Would you restate the listing word for word, with the images omitted?
*** Opening of Available data ***
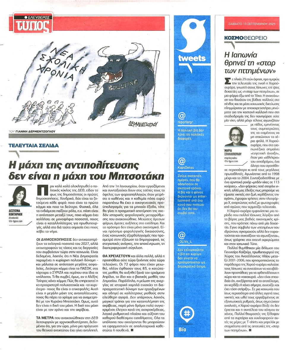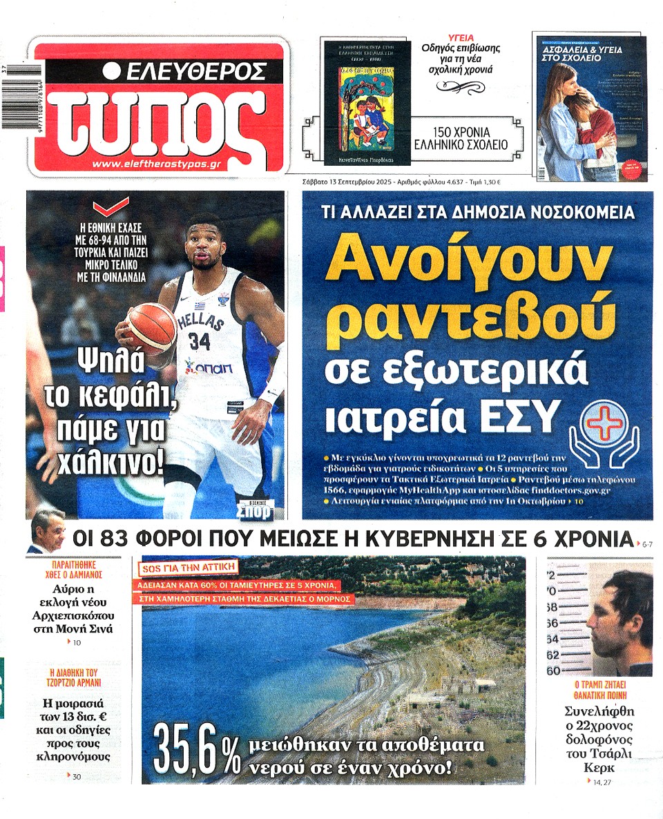 ΕΛΕΥΘΕΡΟΣ ΤΥΠΟΣ - 13 Σεπτεμβρίου 2025
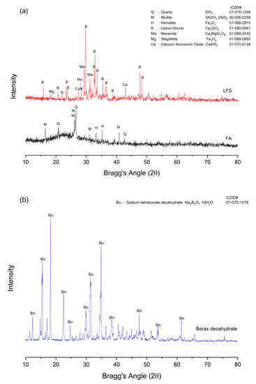 Figure 13 displays the XRD diffractograms of FA, LFS and borax decahydrate. The XRD patterns demonstrate that FA contained mineral phases of quartz (SiO2) and mullite (3Al2O3∙2SiO2) with minor phases of hematite (Fe2O3). A broad hump was observed in FA from 15°–35° (2θ), indicating the amorphous characteristics of the materials. The primary phases found in LFS were calcio-olivine (Ca2SiO4) with glassy phases of merwinite (Ca3MgSi2O8), magnetite (Fe3O4) and calcium aluminum oxide (CaAl2O4). For borax decahydrate, only intense peaks of sodium tetraborate decahydrate (Na2B4O7·10H2O) were detected.
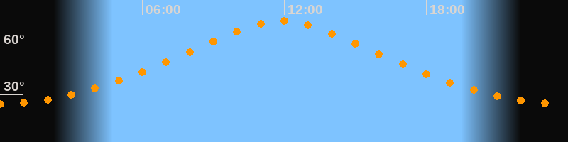 | Höchster Stand (Kulmination) | 11:53 Uhr (h = 76,9°) |
*** Close of Available data ***
Written response |
 ΕΛΕΥΘΕΡΟΣ ΤΥΠΟΣ - 13 Σεπτεμβρίου 2025
 Figure 13 displays the XRD diffractograms of FA, LFS and borax decahydrate. The XRD patterns demonstrate that FA contained mineral phases of quartz (SiO2) and mullite (3Al2O3∙2SiO2) with minor phases of hematite (Fe2O3). A broad hump was observed in FA from 15°–35° (2θ), indicating the amorphous characteristics of the materials. The primary phases found in LFS were calcio-olivine (Ca2SiO4) with glassy phases of merwinite (Ca3MgSi2O8), magnetite (Fe3O4) and calcium aluminum oxide (CaAl2O4). For borax decahydrate, only intense peaks of sodium tetraborate decahydrate (Na2B4O7·10H2O) were detected.
 | Höchster Stand (Kulmination) | 11:53 Uhr (h = 76,9°) |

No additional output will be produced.